There are two main design problems for this approach: the first is to divide the algorithm into time-exclusive segments that do not need to (or cannot) run concurrently. This is referred to as temporal partitioning. Because no CAD tools support this step, this requires tedious and error-prone user involvement. The second problem is to co-ordinate the behaviour between different configurations, i.e. the management of transmission of intermediate results from one configuration to the next [8].

## 3. CLASSIFICATION OF RECONFIGURABLE ARCHITECTURES

In this section reconfigurable hardware architectures are classified with respect to several parameters. These parameters are described below:

- Granularity of building blocks This refers to the levels of manipulation of data. In this chapter we distinguish three types of granularity: *fine-grain* which corresponds to bit-level manipulation of data, *medium grain* manipulating data with varying number of bits and *coarse-grain* granularity which implies word level operations.
- **Reconfiguration scheme** Systems can be reconfigured statically or dynamically. Dynamically reconfigurable systems permit the partial reconfiguration of certain logic blocks while others are performing computations. Statically reconfigurable devices require execution interrupt.
- **Coupling** This refers to the degree of coupling with a host microprocessor. In a *closely coupled* system reconfigurable units are placed on the data path of the processor, acting as execution units. *Loosely coupled* systems act as a coprocessor. They are connected to a host computer system through channels or some special-purpose hardware.

# **3.1 Classification with respect to building blocks** granularity

The granularity criterion reflects the smallest block of which a reconfigurable device is made.
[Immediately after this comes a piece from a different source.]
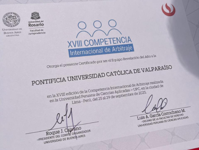 El equipo de la Escuela de Derecho de la Pontificia Universidad Católica de Valparaíso (PUCV) obtuvo dos importantes reconocimientos en la XVIII Competencia Internacional de Arbitraje, coorganizada por la Facultad de Derecho de la Universidad de Buenos Aires (UBA) y la Facultad de Jurisprudencia de la Universidad del Rosario (Bogotá), que este año se desarrolló en la Universidad Peruana de Ciencias Aplicadas (UPC), en Lima, Perú.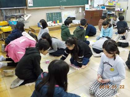 後半は,複数の色札を散らして数人ごとのグループで札を取り合いました。

In *fine-grained* architectures, the basic programmed building block usually consists of a combinatorial network and a few flip-flops. The logic block can be programmed into a simple logic function, such as a 2-bit adder. These blocks are connected through a reconfigurable interconnection network. More complex operations can be constructed by reconfiguring this network. Commercially available Field Programmable Gate Arrays (FPGAs) are based on fine grain architectures.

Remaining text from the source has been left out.